Limitations Noted in the Document
- The study did not provide information about counties where the food environment is not associated with the number of highway exits.
- The study did not examine mechanisms linking food environments to obesity such as diet quality, food away from home expenditures, and exposure to food marketing.
- The study was limited to the county level data available, so it did not assess the impact of micro-level food environments by using census tract, neighborhood-level assessments, or individual-level BMI data.
- The cross-sectional nature of the dataset limited the ability to make causal statements.
- The obesity rates were based on self-reported height and weight, rather than measured height and weight.
- There are validity issues with secondary data sources, including the Food Environment Atlas, which categorizes food stores based on NAICS codes.
- The presence of 1672 counties with no highway exits meant the IV approach could not provide information on those areas.
- The physical activity indicators were measures of access and conduciveness to physical activity, not information about how frequently people exercise each week.
Conclusion
The study’s findings suggest that food swamps are a significant factor in predicting adult obesity rates, surpassing the influence of food deserts.
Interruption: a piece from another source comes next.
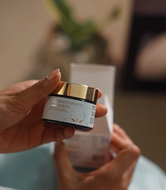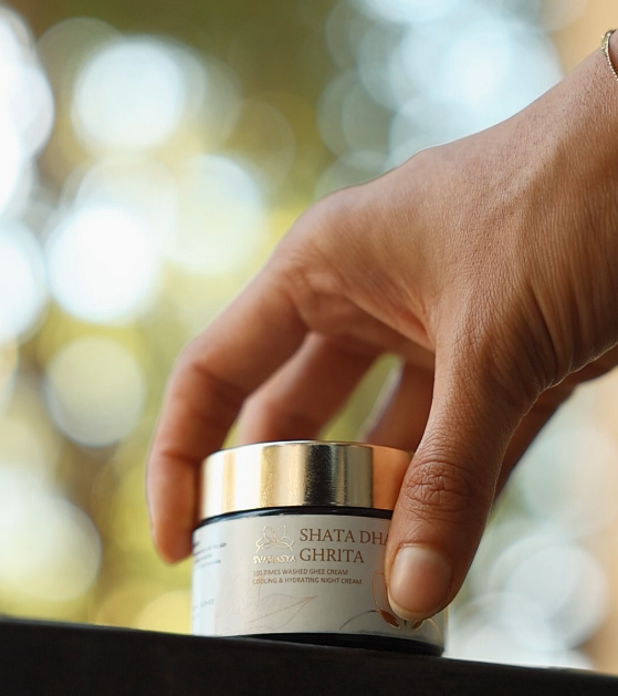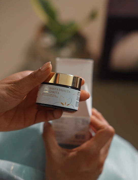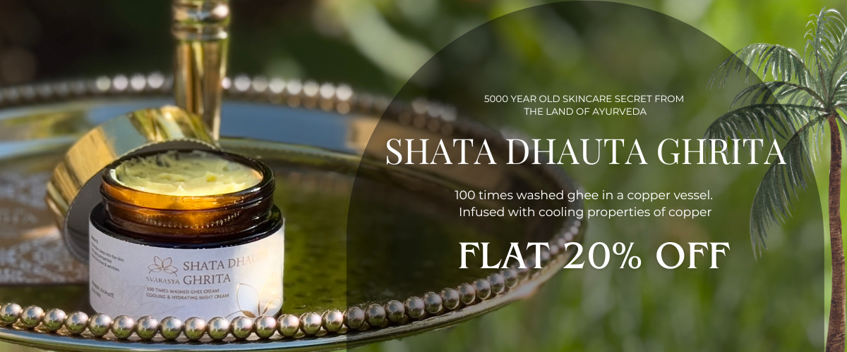 A classical Ayurveda skin formulation, ghee is washed 100 times in a copper vessel to possess the detoxfying & cooling properties of copper metal, and transforming ghee fat into nano fat particles that seep to the deepest skin layers nourishing and healing skin cells from within.
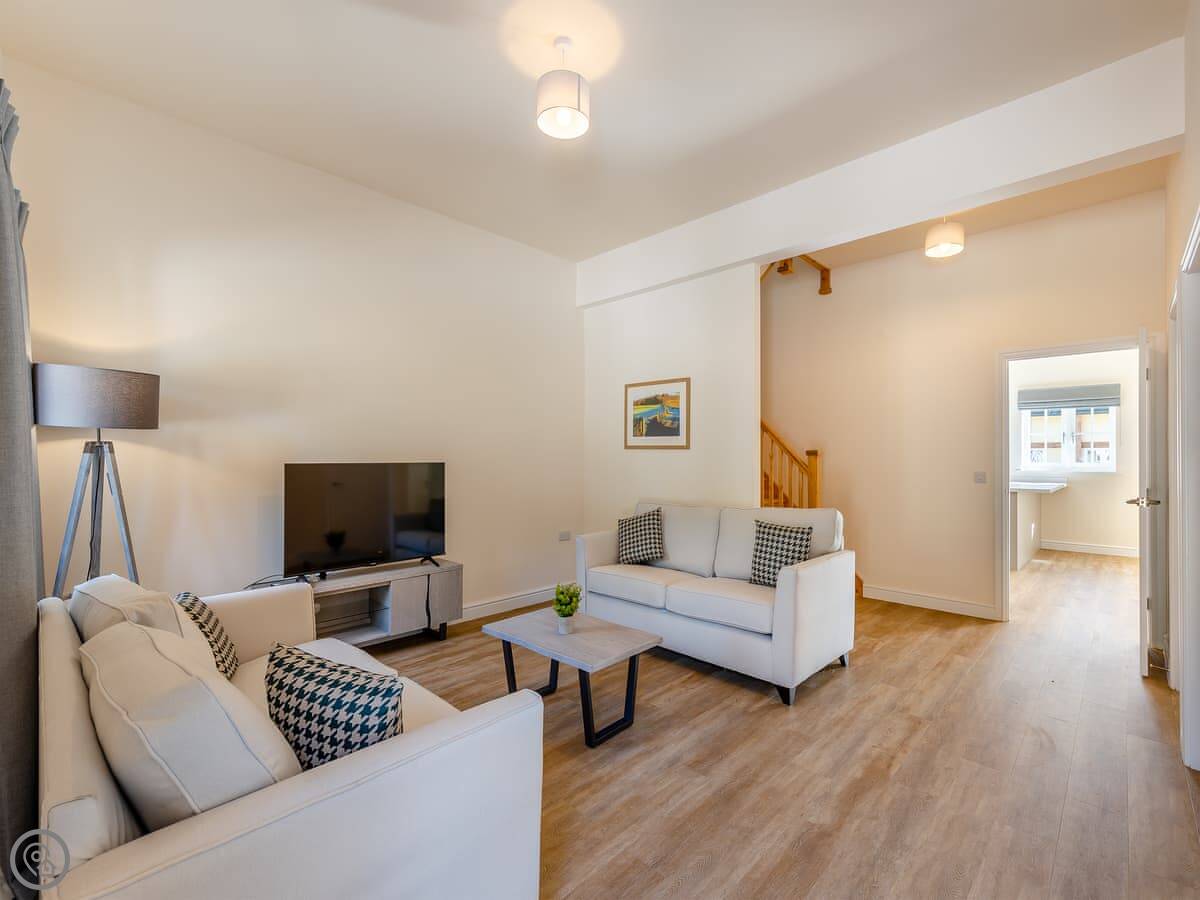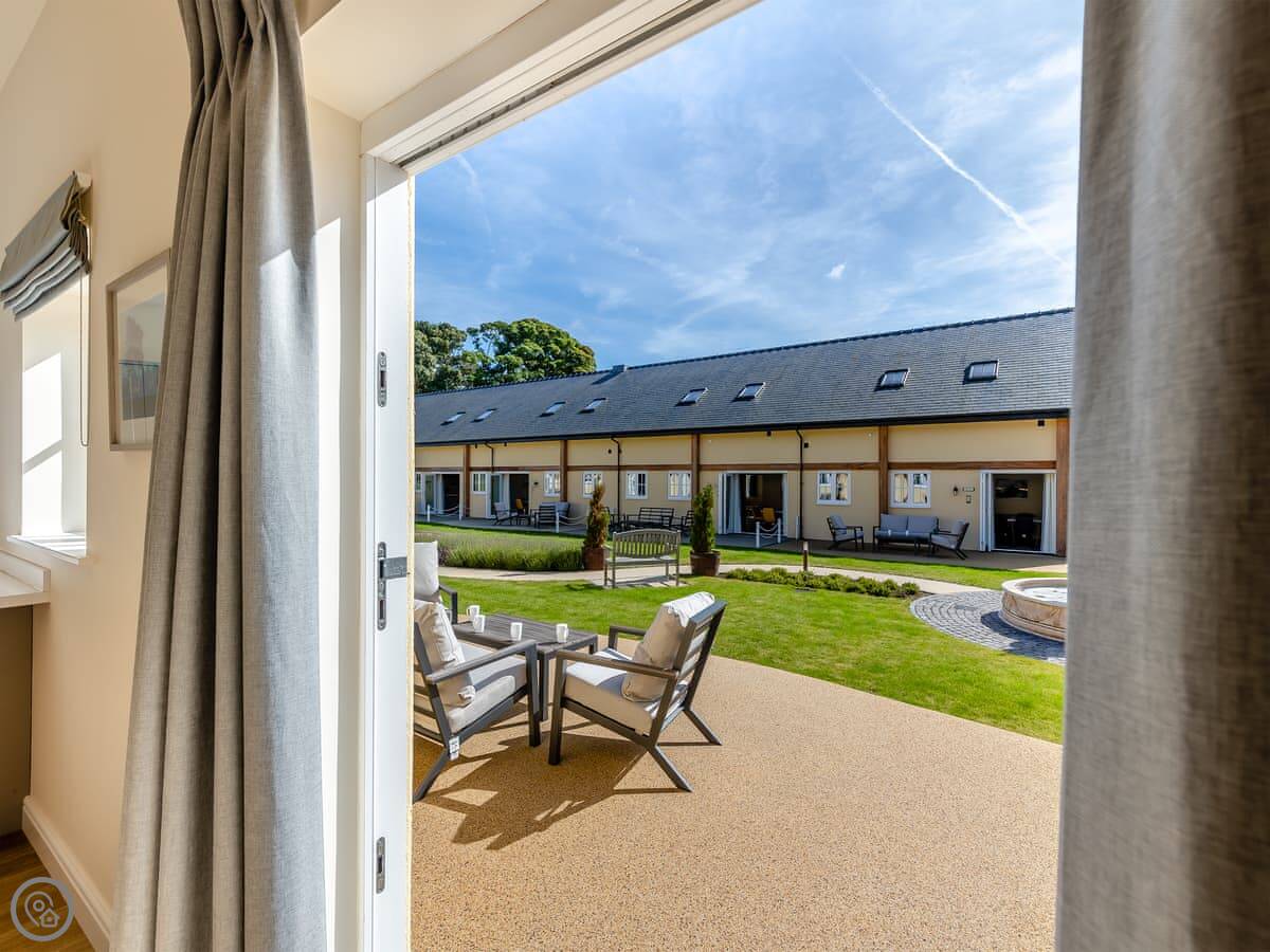 Downstairs has an open plan kitchen and living area with bifold doors leading to your own patio, a separate sitting room with a TV, and a kingsize bedroom with an ensuite shower. Upstairs there are two more kingsize bedrooms, one with an ensuite, and a twin room with a family bathroom.

The research highlights the importance of considering relative food environment measures, emphasizing the balance between healthy and unhealthy food sources. The IV approach reveals that the food swamp effect on obesity rates is underestimated in typical OLS regression analyses, with zoning policies potentially lowering obesity rates significantly. The positive association between food swamps and obesity rates is particularly pronounced in areas with high-income inequality and among residents with limited mobility. The study underscores that the composition of retail food options is a more crucial determinant of obesity levels than other factors like supercenters or farmers’ markets. The research also emphasizes the value of incorporating county-level data to inform policy, with the aim of mitigating the harmful effects of food swamps. This study underscores the importance of recognizing food swamps as a distinct phenomenon from food deserts, supporting a multi-pronged approach to urban planning and public health interventions. Specifically, it indicates that the integration of policies like zoning laws restricting access to unhealthy food outlets and incentivizing healthy food retailers in underserved areas could be an effective strategy. Policymakers can use these results to support zoning laws and policies related to the local food environment. This can lead to greater health equity by improving food access. Future research should concentrate on refining zoning policies, understanding how to define and enforce relevant terms, and identifying priority locations for intervention. This includes strategies to reduce the harm associated with food swamps, and studying how to engage community members and leaders to develop a more comprehensive approach to obesity prevention. The findings contribute to evidence-based strategies, emphasizing the need for a proactive approach in urban planning, public health, and community engagement to tackle the obesity epidemic.